Tradeoffs Between Parallel Database Systems, Hadoop, and HadoopDB as Platforms for Petabyte-Scale An

Seminar: 
Applied Mathematics
Event time: 
Tuesday, November 6, 2012 - 11:00am to 12:00pm
Location: 
AKW 200
Speaker: 
Daniel Abadi
Speaker affiliation: 
Yale University
Event description: 

As the demand for analyzing data sets of increasing variety and scale continues to explode, the software options for performing this analysis are beginning to proliferate. No fewer than a dozen new parallel database systems have been created in the last decade to meet this demand.

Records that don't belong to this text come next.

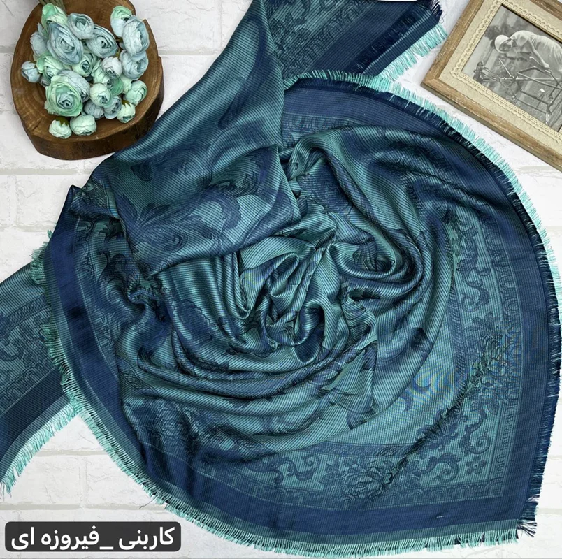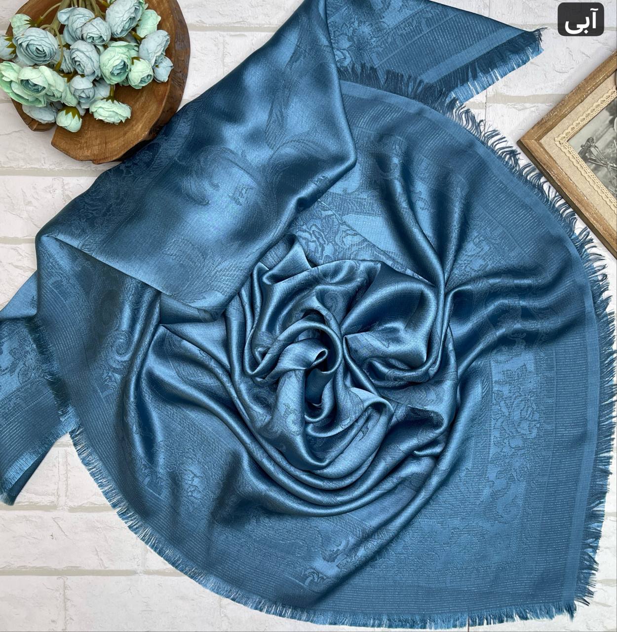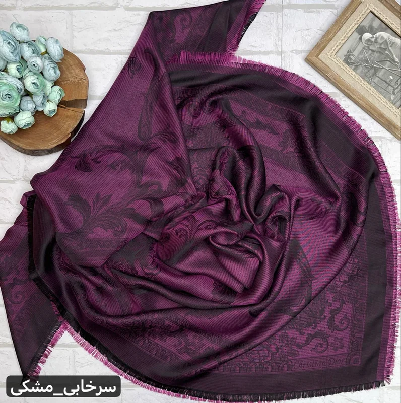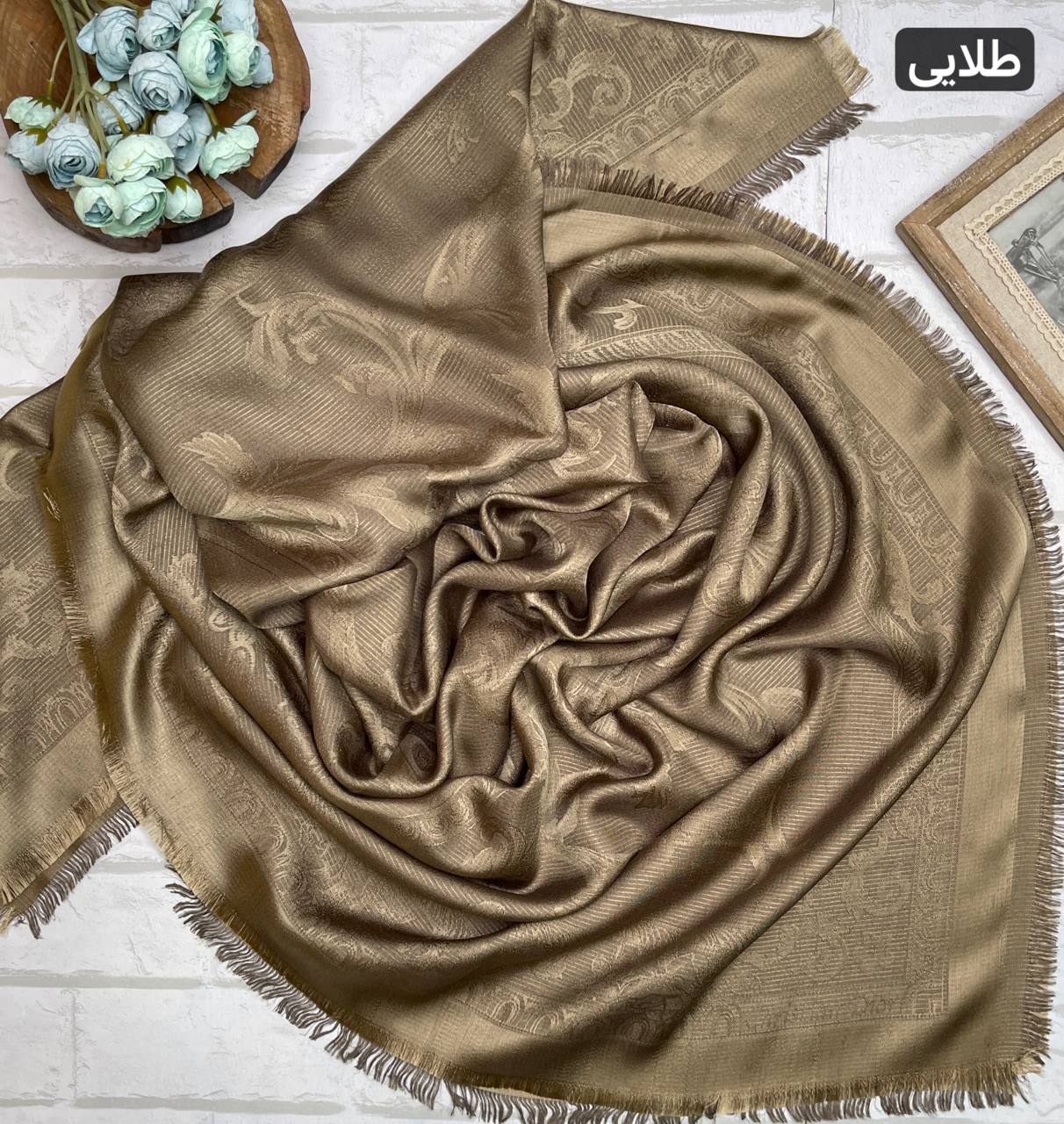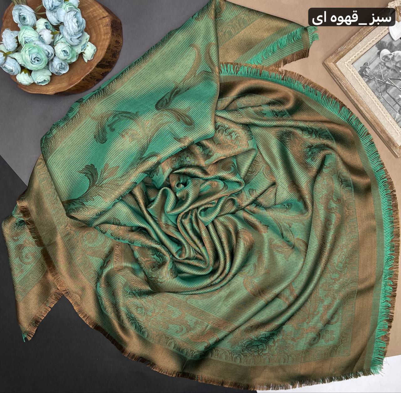 روسری نخ ابریشم ژاکارد طرح اسلیمی لمه دار دورو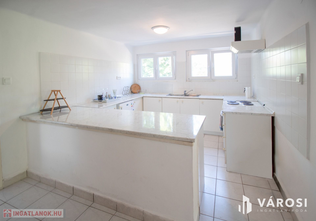 Ez a ritka elhelyezkedésű ingatlan kiváló statikai állapotnak örvend. A külső nyílászárók cseréje megtörtént. A fürdőszoba és a hidegburkolatok néhány évvel ezelőtt megújultak. A tetőtéri szobák, valamint a földszinti, hatalmas méretű szoba klímával ellátottak. Az ingatlan helyiségei: a földszinten egy tágas szoba, fürdőszoba, konyha, közlekedő, tároló, egy nappali étkezővel, a tetőtérben pedig 2 teljes értékű szoba, illetve fürdőszoba.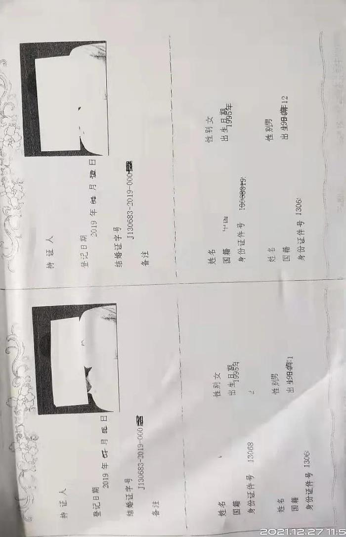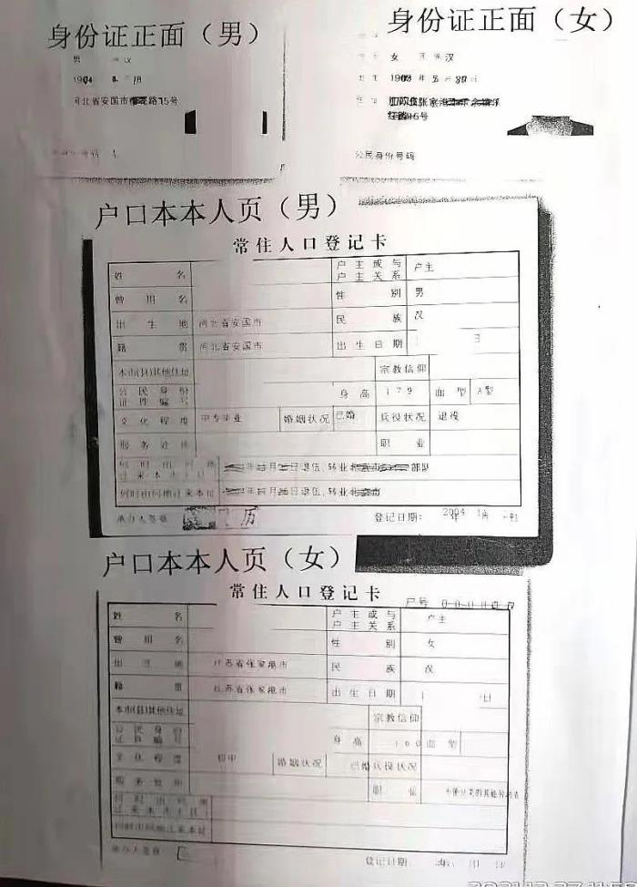 下面是身份证、户口本、和结婚证准备材料中的格式!

At the same time, MapReduce-based options, such as the open source Hadoop framework are becoming increasingly popular, and there have been a plethora of research publications in the past five years that demonstrate how MapReduce can be used to accelerate and scale various data analysis tasks.

Both parallel databases and MapReduce-based options have strengths and weaknesses that a practitioner must be aware of before selecting an analytical data management platform. In this talk, I will describe some experiences in using these systems, and the advantages and disadvantages of the popular implementations of these systems. I then discuss a hybrid system that we are building in my lab, called HadoopDB, that attempts to combine the advantages of both types of platforms.